今月のスポットライトは、今も色あせぬ卒業シーズンの定番曲、悲しい失恋の場面をしっとりと歌い上げた、柏原芳恵の「春なのに」を取り上げます。
悲しくも美しい、卒業式当日の別れを歌った名曲
spot_photoです。

 柏原芳恵は、14歳になったばかりの1979年10月、オーディション番組「スター誕生!」で合格。高い歌唱力の片鱗を感じさせ、7社からスカウトのプラカードが上がる逸材だった。翌80年6月、柏原よしえの芸名で「No.1」で歌手デビュー。1年目こそヒットが出なかったものの、81年に発売した7枚目のシングル「ハロー・グッバイ」がヒット。この曲で11月19日、まず『ザ・ベストテン』のスポットライトに初出演を果たした。当時堀越学園高校1年で、同じクラスだった松本伊代と2人揃っての出演だった。良きライバルとして、柏原の「ハロー・グッバイ」と、松本のデビュー曲「センチメンタル・ジャーニー」のどちらが先にランクインするかで話題に。結果、先に柏原が12月3日に第7位で初登場し(松本はその翌週ランクイン)、計8週ランクインするヒットに。
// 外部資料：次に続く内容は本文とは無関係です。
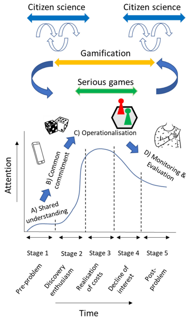
Figure 3: Conceptualization of a multi-method approach of citizen science, serious gaming and gamification efforts within transdisciplinary research in natural resource management contexts, matching the desired level of engagement and (long term) commitment along the issue-attention cycle (adaptation of [10]). In the early (stage 1 and 2) and later stages (stage 4 and 5) citizen science can be gamified to gain and maintain attention and interest of citizen scientists. The collected information in stage 1 and 2 can input for the development of serious games (stage 3 and 4), while the output of the game sessions can be used to lead the data collection for monitoring in stage 4 and 5.

the game sessions, can in turn be used again to set out potential new measures for monitoring of disturbance and threat by the tigers.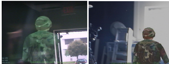
Figure 2. Non-occluding and occluding displays

The type of head-mounted display used can make or break the illusion of computer-generated forces existing in the real world. If the graphics do not occlude the real world, they do not appear solid or realistic. Instead, the graphics, translucent on a non-occluding display, take on a ghostly and unrealistic appearance. Figure 2 shows two similar scenes, one through a non-occluding display, and one through an occluding display. Notice how the avatar is washed out in bright light in the non-occluding display.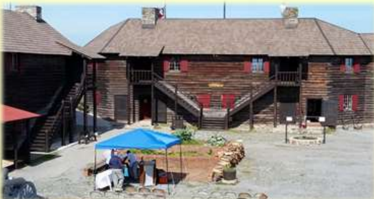
Preparing for the Memorial Service inside Fort William Henry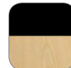
Black Base (B) Hardrock Maple Top (HM)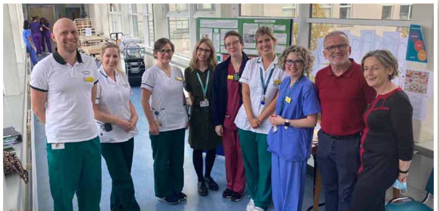
Occupational Therapy Week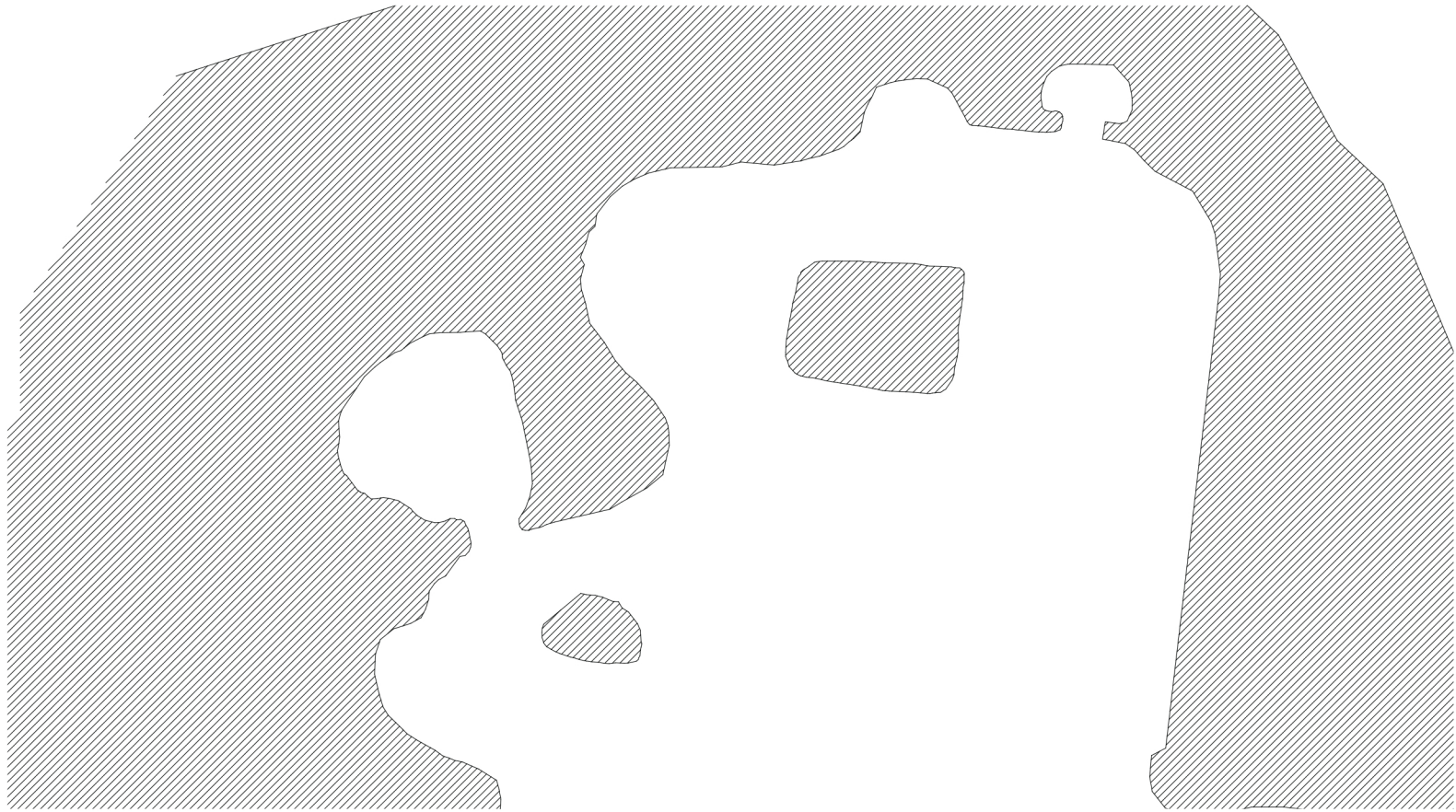
Spatial Layout of the chamber, Excavated

 83年1月に発売されたのが「春なのに」である。当時既に「悪女」のヒットをはじめ、オリジナルアルバムが立て続けにチャート1位を記録するなど人気アーティストの地位を確立していた中島みゆきが作詞・作曲して提供。話題性は十分で、卒業シーズンに合わせて発売され、すぐにベストテンにランクイン。最高2位を記録し、計9週ランクイン。柏原にとって「ハロー・グッバイ」と並ぶ代表曲になった。柏原はこの年の「第34回NHK紅白歌合戦」に初出場。ザ・ベストテンと同じく、黒柳徹子の司会に曲紹介されて「春なのに」を歌った。
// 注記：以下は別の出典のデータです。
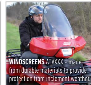
WINDSCREENS ATVXXX - made from durable materials to provide protection from inclement weather.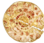
4. The Cenedese Museum of Vittorio Veneto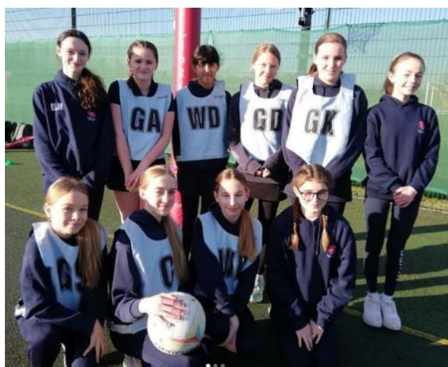
Our U13 netball team after the invitational Lingfield tournament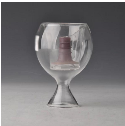
Special borosilicate glass cup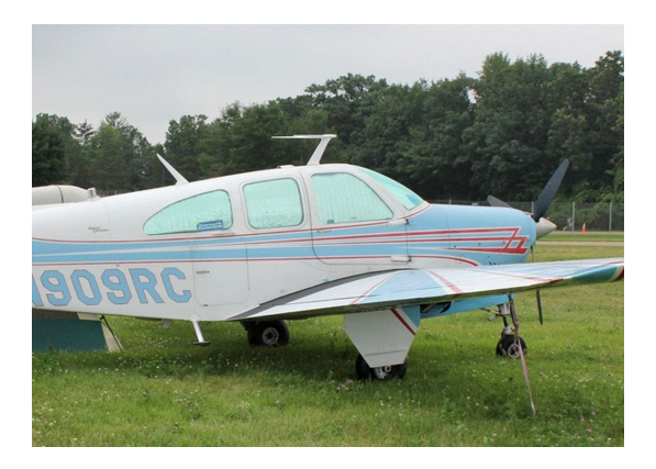
Beech Bonanza/Debonair HeatShield Set

Heatshields are interior sunshades for an aircraft's windows or canopy glass. The product is a unique composite of closed-cell foam with a silver mylar finish. The semi-rigid design is stiff enough to stand along the inside of the windshield using sun visors or window framing. It folds up flat and easily stores in the included storage sleeve. Some designs may require velcro and suction cups. A Heatshield is an excellent short-term remedy for cockpit overheating.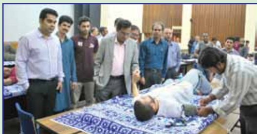
IUT Blood Donation Program 2016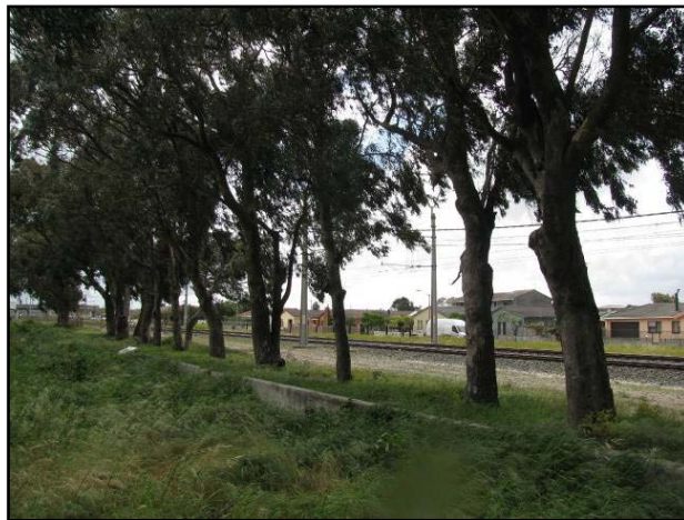
Plate 6: View of the vacant land, avenue of gum trees and the railway line to the east of the Erf, with the residential development of Square Hill (Retreat) in the background.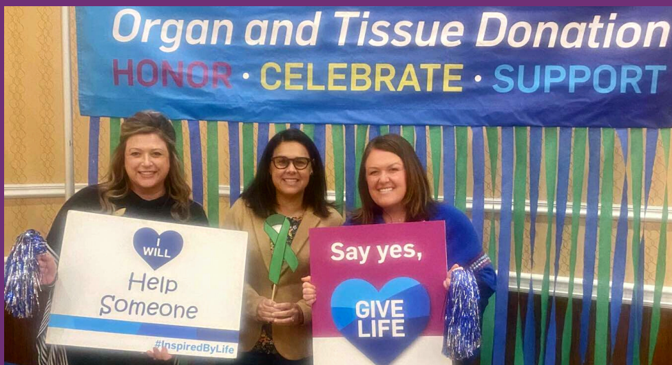
Pictured: Nursing leaders from St. Louis Children's Hospital gather in front of the photo wall at the Inspired by Life Symposium.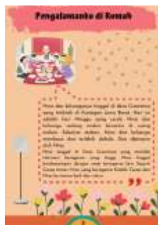
Figure 3. Materials Packaged in the Form of Stories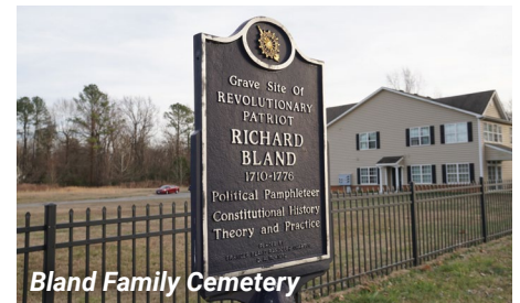
Bland Family Cemetery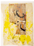
Hugo Canoilas Noite Ocidental | Western night , 2013 Collage on canvas)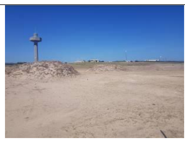
Imahe 12: Stockpiling of topsoil.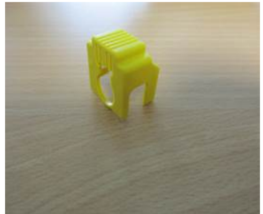
Figure 2. Yellow securing clip.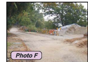
Existing Road Condition at Section 3 - 3 Chainage 0+900 to 1+085

 この曲は、卒業していく男子生徒との別れの場面を、女子生徒の視点から歌ったもの。友情以上の想いを打ち明けるつもりだったが、相手との気持ちの絶対的な温度差に気付いてしまい、言い出せないまま恋心に終止符を打つ…といった内容だ。情景描写をほとんどしていないにもかかわらず、卒業式当日の喧騒や寂寥感を見事に切り取り、2人のそれまでの関係性が浮かび上がる、秀逸な歌詞。そして「春なのに」と何度も繰り返す、美しく切ないメロディーが印象的である。

 発売当時、柏原芳恵は高校2年の17歳。歌のイメージに合わせ、歌番組ではセーラー服を思わせる衣装で歌うことが多かった。歌の内容と、リアルタイムの学生である彼女がシンクロし、さらに憂いを帯びた歌唱力によって強い説得力を持ち視聴者に伝わったことは想像に難くない。2番の歌詞にある「(制服の第二)ボタンを記念にもらう」という卒業式お決まりの慣習は、この歌のヒットによって広く浸透したとも言われる。サビ部分だけ見れば、卒業に限らず普遍的な春の別れの歌と捉えることもでき、今も時代を超えて愛され、歌い継がれている名曲だ。
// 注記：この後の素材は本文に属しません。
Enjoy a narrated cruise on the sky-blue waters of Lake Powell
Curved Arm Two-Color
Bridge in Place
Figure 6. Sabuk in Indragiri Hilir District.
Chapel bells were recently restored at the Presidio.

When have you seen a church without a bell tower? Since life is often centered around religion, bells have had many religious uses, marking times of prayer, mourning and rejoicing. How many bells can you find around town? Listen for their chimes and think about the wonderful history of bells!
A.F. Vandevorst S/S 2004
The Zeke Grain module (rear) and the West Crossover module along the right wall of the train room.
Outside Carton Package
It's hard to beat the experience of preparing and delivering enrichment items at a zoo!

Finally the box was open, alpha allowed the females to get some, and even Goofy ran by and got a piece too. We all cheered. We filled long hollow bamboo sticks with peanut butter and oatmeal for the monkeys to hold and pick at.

 中島みゆきは、この曲の後も柏原にシングル曲として「カム・フラージュ」「最愛」「ロンリー・カナリア」を提供。中島が歌うバージョンは、セルフカバーアルバムで聴くことができる。

 柏原芳恵といえば80年代当時、浩宮さま(現・皇太子さま)が彼女のファンであることを公言したことでも話題に。86年10月には、都内の会場に公式に出向いてリサイタルを鑑賞。出迎えた柏原に、バラを一輪プレゼントした。そのバラは、フランス大統領から贈られた貴重な品種で、柏原はそれをドライフラワーにし、「家宝」として大切に保管しているそうである。

 現在も柏原芳恵は歌番組やディナーショーで歌手活動を続けており、「春なのに」を含む数々のヒット曲をファンに聞かせている。

ザ・ベストテン☆エピソード
「ハロー・グッバイ」で柏原芳恵が初ランクインした81年12月3日は、ザ・ベストテンの放送200回記念回でした。スタジオにはいつものオーケストラを前に丸テーブルが多数並べられ、歴代の出演歌手が出席して、さながらパーティー会場の様相に。お祝いの意味を込め、柏原芳恵や松田聖子は着物で登場して歌いました。